Qualifying assets and U.S. tax status
- Qualifying assets: May invest in securities of eligible portfolio companies, cash equivalents, U.S. government securities, and high-quality short-term debt to meet the 70% Qualifying Asset test for BDC status.
- Tax: The Company intends to qualify as a RIC and must meet gross income and asset diversification tests. Distributions are structured to satisfy RIC requirements.
Risks and other considerations
- Performance depends on the Adviser’s ability to source, diligence, structure, and monitor investments; reliance on Apollo’s platform and personnel can create conflicts and concentration risk.
- The private offering structure and illiquid nature of many portfolio investments limit liquidity; issuance of additional equity could dilute existing shareholders if issued at a discount.
- The Company may use derivatives and securitizations (including potential CLOs) subject to regulatory limits and internal risk controls.
- The filing contains further risk disclosures covering market conditions, leverage, cyber risk, regulatory changes, and operational risks.
Notable numbers
- Initial Closing: 1 shareholder admitted for $800 million in capital commitments.

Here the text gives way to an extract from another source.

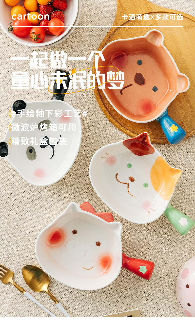 귀여운 모양의 베이킹 그릇 가정용 세라믹 인스 스타일 샐러드 그릇 손잡이가있는 인스턴트 국수 그릇 인터넷 연예인 식기 손잡이 그릇스토어 가기

- Capital raises (drawdowns): $25 million (Sept 2025), $30 million (Nov 2025), $95 million (Dec 2025).
- Shares issued and proceeds:
- 934,579 Shares for $25 million.
- 1,101,726 Shares for $30 million.
- 3,463,361 Shares for $95 million.
- Asset coverage and leverage: 150% asset coverage target; leverage up to 2:1 debt-to-equity; temporary borrowings up to 5% of total assets allowed.
- Portfolio allocation target: At least 80% in large private U.S. borrowers; up to 20% in other private credit and structured solutions.
- Management fee: 0.70% annual base fee on net assets.
- Incentive fees: Income-based incentive with hurdle and catch-up; capital gains incentive at 10% of cumulative realized gains.
Context within the Apollo platform
- Adviser and Administrator are part of Apollo’s broader platform. Apollo reported $938 billion of assets under management as of Dec 31, 2025, and operates a large global organization that includes affiliated teams such as Athene.
- The Company has no employees; investment and administrative services are provided by ACM and Apollo-affiliated teams.
Summary Apollo Origination II (Levered) Capital Trust is a corporate-credit-focused BDC/RIC that uses Apollo’s platform to source, structure, and monitor private debt investments—primarily senior secured loans to large U.S. borrowers—employing leverage, securitization options, and co-investment capabilities. It is funded via a private capital-commitment structure with ongoing drawdowns, targets a 150% asset coverage (2:1 leverage) framework, and charges base management and performance-based fees to shareholders.